Tony Oursler (born 1957) is an American multimedia and installation artist married to Jacqueline Humphries. He completed a Bachelor of Fine Arts at the California Institute of the Arts, Valencia, California, in 1979. His art covers a range of mediums, working with video, sculpture, installation, performance, and painting. He lives and works in New York City.

Born in Manhattan in 1957, Oursler was brought up in a connected and well-to-do family that settled in Nyack, New York. He is the son of former Reader's Digest editor-in-chief Fulton Oursler Jr. and Noel Nevill Oursler. His grandfather was the writer Fulton Oursler.
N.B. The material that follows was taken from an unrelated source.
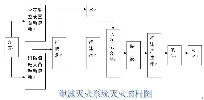 泡沫滅火系統(tǒng)由水源、泡沫消防泵、泡沫液儲(chǔ)罐、泡沫比例混合器、泡沫產(chǎn)生器、閥門(mén)、管道及其它附件組成。

At CalArts, his fellow students included Mike Kelley, Sue Williams, Stephen Prina, and Jim Shaw. John Baldessari — with whom he did an independent study — and Laurie Anderson were his teachers. Oursler moved back to New York in 1981 and was picked up by Electronic Arts Intermix.

In 1999, Oursler moved to a studio near New York City Hall.

Tony Oursler is known for his fractured-narrative handmade videotapes, including The Loner (1980) and EVOL (1984). Billy Rubin describes EVOL as "(charting) the territory between our passion-charged personal narratives and the near impossibility of representing that desire visually or linguistically, the end result often being nothing more than banal cultural cliches."

These works involve elaborate soundtracks, painted sets, stop-action animation, and optical special effects created by the artist. The early videotapes have been exhibited extensively in alternative spaces and museums. They are distributed by Electronic Arts Intermix.

Oursler's early installation works are immersive dark-room environments with video, sound, and language mixed with colorful constructed sculptural elements. In these projects, Oursler experimented with methods of removing the moving image from the video monitor using reflections in water, mirrors, glass, and other devices.

The early installation Son of Oil, presented at MoMA PS1 in 1982, links the dystopian feelings brought about by conspiracy theories with the perturbing politics of the oil industry.